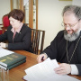 На встрече также присутствовали ученый секретарь ДГПБ Евгения Колесникова, проректор семинарии по учебной работе протоиерей Григорий Гриднев и библиотекарь Донской духовной семинарии Елена Ульченко.
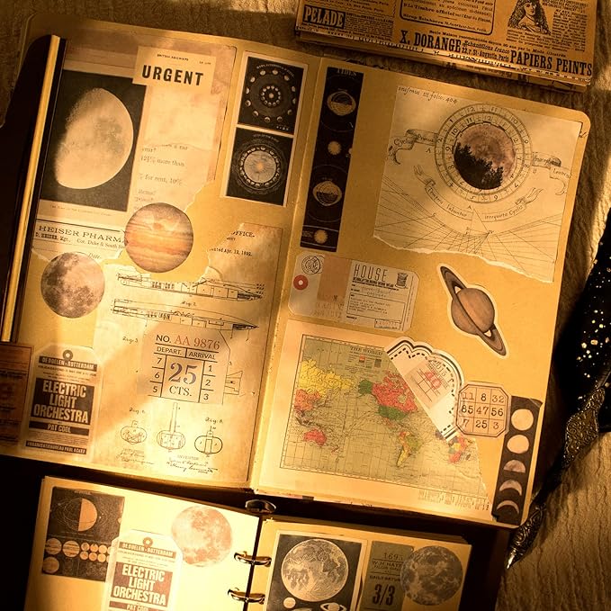 - 【Celestial Themes】200 Pieces celestial and astrology-themed various papers and stickers, including various planets and space, maps of old world, receipts, galaxy, tickets and more. Great for junk journaling, scrapbooking, collages or astronomy-themed art projects!
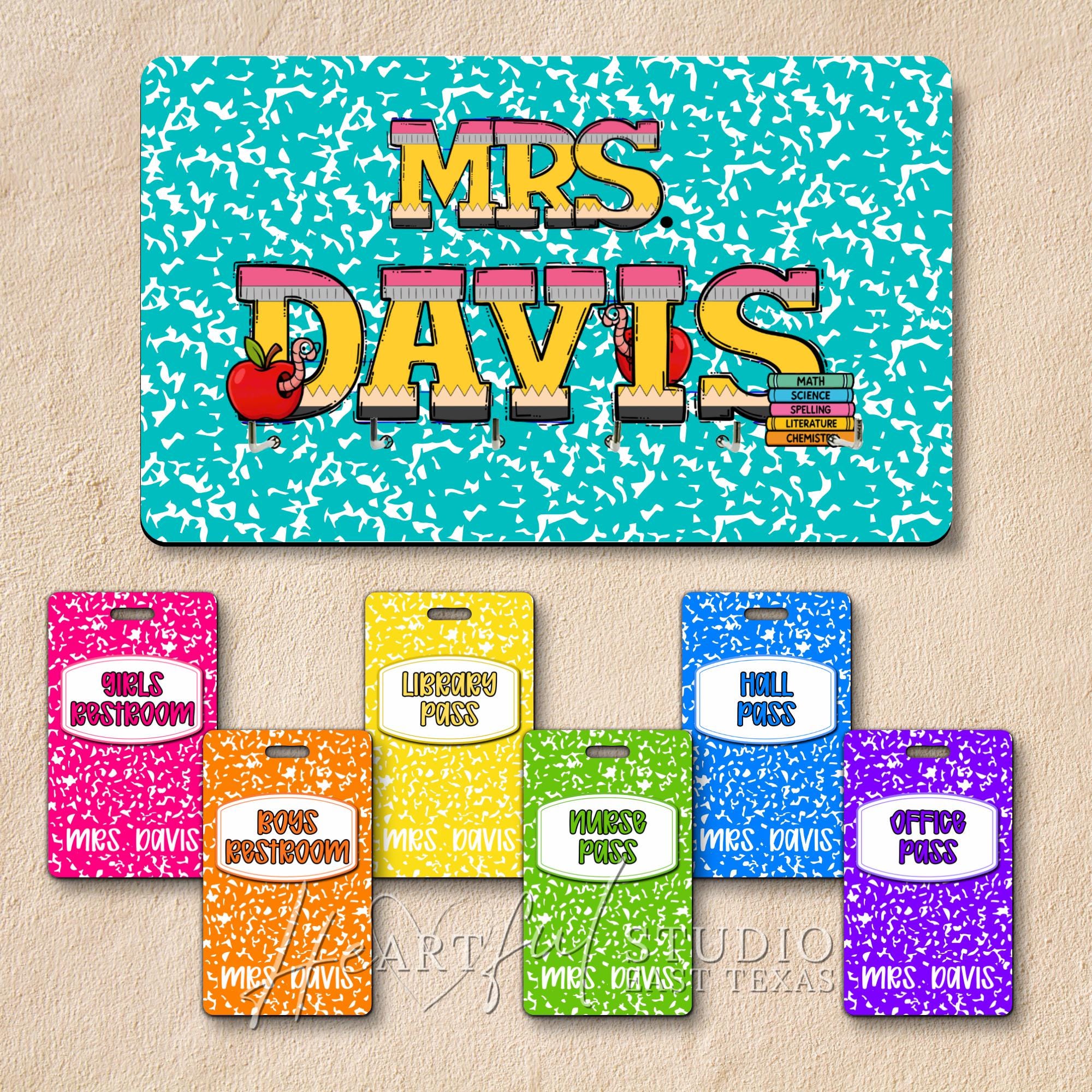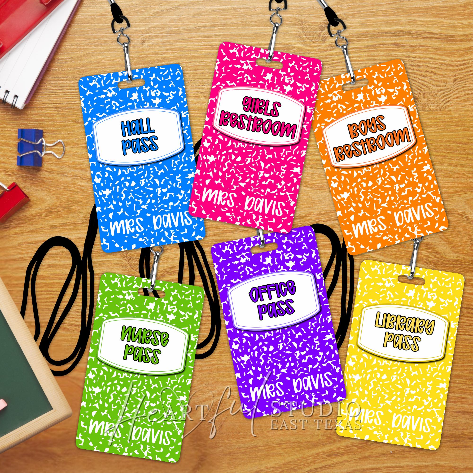 Elevate your classroom management with our Personalized Composition Hall Pass Set! These vibrant, high-quality passes command attention and eliminate lost or forgotten passes.
^^^^^^^^
YOUR INSTRUCTIONS: Return, exactly as they stand, the lines from the opening line of the listing through the line with "- 【Celestial Themes】200", both ends counted, and no pictures.

EXERCISE ANSWER:
 На встрече также присутствовали ученый секретарь ДГПБ Евгения Колесникова, проректор семинарии по учебной работе протоиерей Григорий Гриднев и библиотекарь Донской духовной семинарии Елена Ульченко.
 - 【Celestial Themes】200 Pieces celestial and astrology-themed various papers and stickers, including various planets and space, maps of old world, receipts, galaxy, tickets and more. Great for junk journaling, scrapbooking, collages or astronomy-themed art projects!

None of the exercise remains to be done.